Beach Motel fights to keep tourist status

Bob Patel has owned and operated the beach motel since 1983. He's already fought and won one legal battle to keep running it as a tourist motel, but he now has another legal fight on his hands. An unresolved case brought by the Tenderloin Housing Clinic is being resurrected, possibly for a second look by San Francisco's permitting board.

The clinic says the hotel is in violation of city regulations and is supposed to be a single-room occupancy residential hotel. The motel's lawyers alerted the sleepy outer Sunset neighborhood that the motel could become a homeless shelter.

"They decided to just lie and lie and lie, and I say that very clearly, last time they said we're trying to make it a homeless shelter," Randy Shaw with the Tenderloin Housing Clinic said. "We've never gone to any city agency trying to be involved."

"We don't really know what the use of the property would be if it's not a tourist motel," Patel's lawyer, Andrew Zacks said. "What we know is that it is a tourist motel, it's always been a tourist motel, and if we have anything to do about it, it's going to stay a tourist motel."

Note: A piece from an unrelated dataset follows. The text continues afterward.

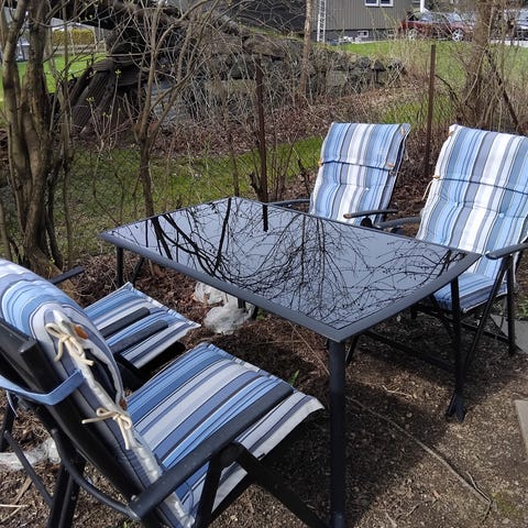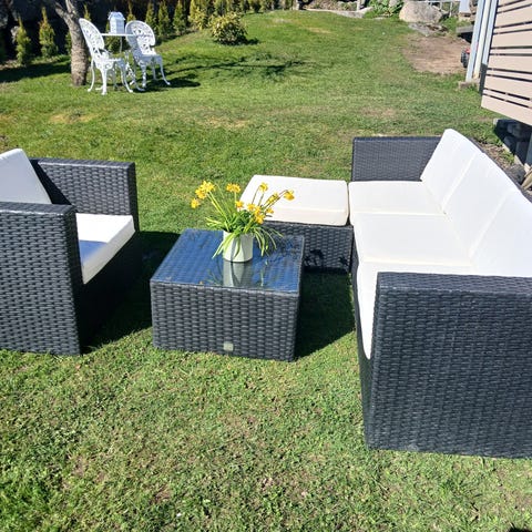 Ute lounge sofagruppe i 5 deler, hvor en del er glassbord med tykt solid glass. Laget med stålramme og værbestandig PE-rotting. Pent brukt og helt. Puter følger med: putene er hele, men noen er falmet. Stoff som kan tørkes av.

A lot has changed in San Francisco since the Beach Motel first opened its doors in 1958. First, there's zoning which now forbids tourist hotels in the neighborhood. Also, there's a city ordinance aimed at preserving affordable housing in the form of single-occupancy (or SRO) hotels. The Beach Motel thought it had won exemptions on both, but a hearing at City Hall Wednesday evening could reopen that legal battle.